_RECORDS TO PROCESS_

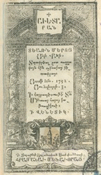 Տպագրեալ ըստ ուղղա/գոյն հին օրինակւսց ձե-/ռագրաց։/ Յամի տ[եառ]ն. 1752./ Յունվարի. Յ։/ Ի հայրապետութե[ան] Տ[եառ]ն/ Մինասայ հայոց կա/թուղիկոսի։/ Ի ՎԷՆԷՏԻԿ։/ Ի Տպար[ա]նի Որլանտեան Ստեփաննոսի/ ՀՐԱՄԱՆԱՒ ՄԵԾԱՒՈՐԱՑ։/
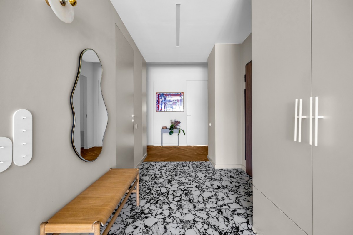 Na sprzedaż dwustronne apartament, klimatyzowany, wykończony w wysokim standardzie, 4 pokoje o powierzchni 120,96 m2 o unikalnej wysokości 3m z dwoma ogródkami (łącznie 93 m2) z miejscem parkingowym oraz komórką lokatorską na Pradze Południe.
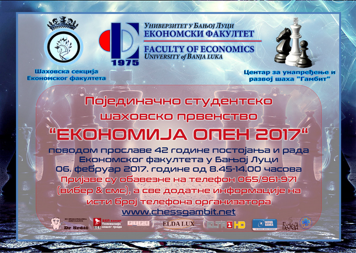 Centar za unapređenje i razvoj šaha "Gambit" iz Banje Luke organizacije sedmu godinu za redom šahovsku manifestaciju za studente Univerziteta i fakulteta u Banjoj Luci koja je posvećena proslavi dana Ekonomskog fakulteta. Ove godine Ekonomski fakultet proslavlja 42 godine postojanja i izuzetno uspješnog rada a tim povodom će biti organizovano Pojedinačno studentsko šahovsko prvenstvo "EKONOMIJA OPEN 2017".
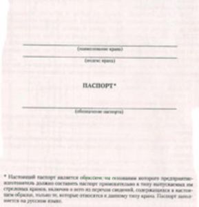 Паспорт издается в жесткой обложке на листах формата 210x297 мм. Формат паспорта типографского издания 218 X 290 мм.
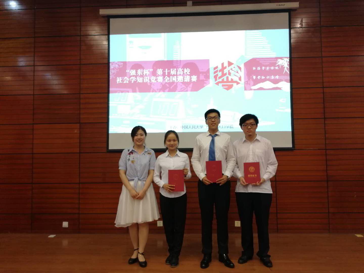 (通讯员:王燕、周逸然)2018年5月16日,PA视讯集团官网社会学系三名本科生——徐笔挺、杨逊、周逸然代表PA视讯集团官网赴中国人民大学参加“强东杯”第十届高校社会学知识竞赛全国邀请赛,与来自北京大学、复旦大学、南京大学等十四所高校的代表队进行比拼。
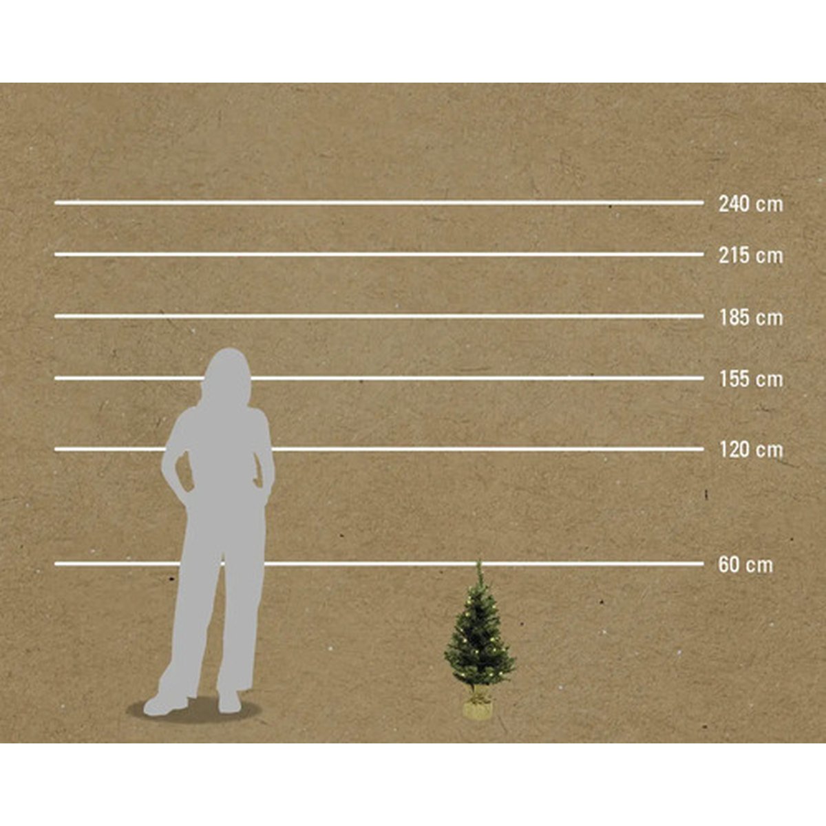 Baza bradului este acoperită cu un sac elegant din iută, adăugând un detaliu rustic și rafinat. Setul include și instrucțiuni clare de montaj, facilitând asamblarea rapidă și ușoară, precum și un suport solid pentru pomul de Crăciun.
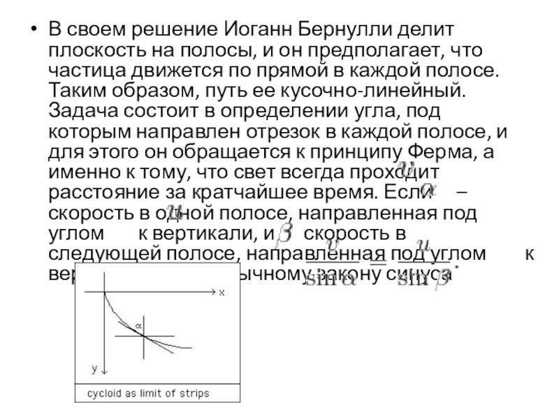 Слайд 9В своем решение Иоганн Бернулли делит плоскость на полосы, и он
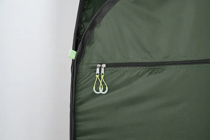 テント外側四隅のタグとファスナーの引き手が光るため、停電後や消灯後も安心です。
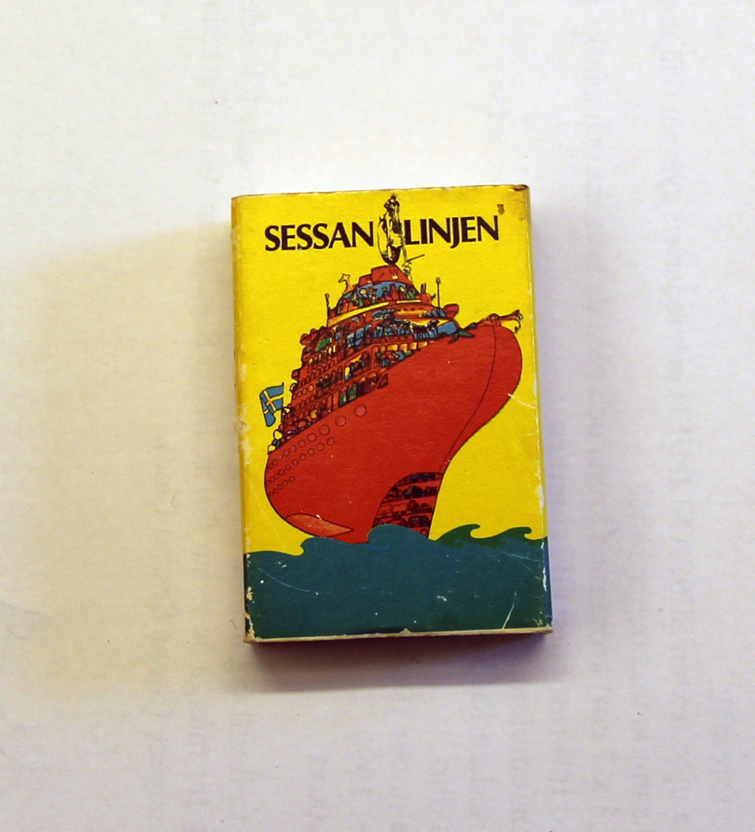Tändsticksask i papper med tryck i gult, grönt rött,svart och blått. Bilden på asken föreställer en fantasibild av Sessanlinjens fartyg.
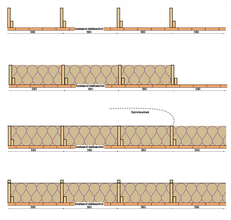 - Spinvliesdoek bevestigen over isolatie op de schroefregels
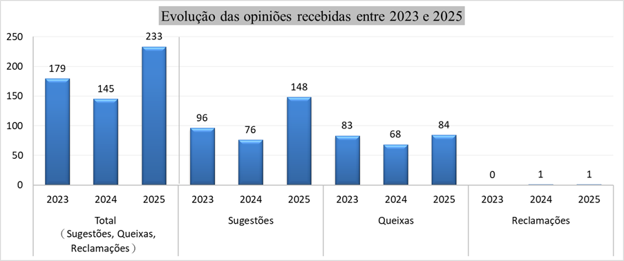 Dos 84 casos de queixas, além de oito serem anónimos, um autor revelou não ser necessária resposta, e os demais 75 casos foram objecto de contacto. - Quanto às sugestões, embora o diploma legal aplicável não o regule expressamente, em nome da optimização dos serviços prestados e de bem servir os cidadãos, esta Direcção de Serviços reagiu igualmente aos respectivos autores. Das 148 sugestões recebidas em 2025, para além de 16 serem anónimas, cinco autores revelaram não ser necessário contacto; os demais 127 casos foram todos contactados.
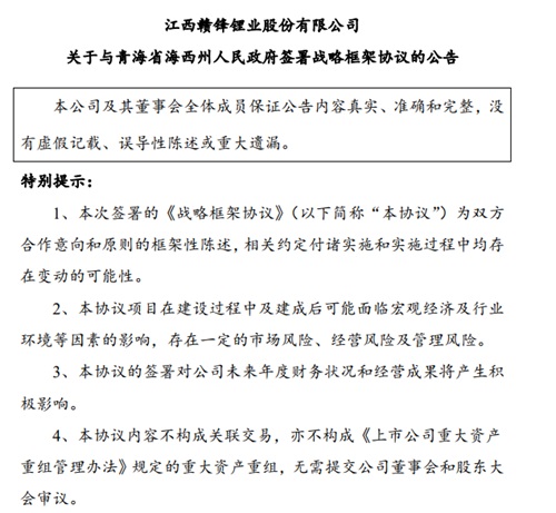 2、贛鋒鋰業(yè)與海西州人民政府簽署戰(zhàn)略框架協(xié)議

_EXERCISE INSTRUCTIONS_
Verbatim copy, pictures excluded: output the lines from the first line of the records above through the line containing "Baza bradului este".

_TASK RESPONSE_
 Տպագրեալ ըստ ուղղա/գոյն հին օրինակւսց ձե-/ռագրաց։/ Յամի տ[եառ]ն. 1752./ Յունվարի. Յ։/ Ի հայրապետութե[ան] Տ[եառ]ն/ Մինասայ հայոց կա/թուղիկոսի։/ Ի ՎԷՆԷՏԻԿ։/ Ի Տպար[ա]նի Որլանտեան Ստեփաննոսի/ ՀՐԱՄԱՆԱՒ ՄԵԾԱՒՈՐԱՑ։/
 Na sprzedaż dwustronne apartament, klimatyzowany, wykończony w wysokim standardzie, 4 pokoje o powierzchni 120,96 m2 o unikalnej wysokości 3m z dwoma ogródkami (łącznie 93 m2) z miejscem parkingowym oraz komórką lokatorską na Pradze Południe.
 Centar za unapređenje i razvoj šaha "Gambit" iz Banje Luke organizacije sedmu godinu za redom šahovsku manifestaciju za studente Univerziteta i fakulteta u Banjoj Luci koja je posvećena proslavi dana Ekonomskog fakulteta. Ove godine Ekonomski fakultet proslavlja 42 godine postojanja i izuzetno uspješnog rada a tim povodom će biti organizovano Pojedinačno studentsko šahovsko prvenstvo "EKONOMIJA OPEN 2017".
 Паспорт издается в жесткой обложке на листах формата 210x297 мм. Формат паспорта типографского издания 218 X 290 мм.
 (通讯员:王燕、周逸然)2018年5月16日,PA视讯集团官网社会学系三名本科生——徐笔挺、杨逊、周逸然代表PA视讯集团官网赴中国人民大学参加“强东杯”第十届高校社会学知识竞赛全国邀请赛,与来自北京大学、复旦大学、南京大学等十四所高校的代表队进行比拼。
 Baza bradului este acoperită cu un sac elegant din iută, adăugând un detaliu rustic și rafinat. Setul include și instrucțiuni clare de montaj, facilitând asamblarea rapidă și ușoară, precum și un suport solid pentru pomul de Crăciun.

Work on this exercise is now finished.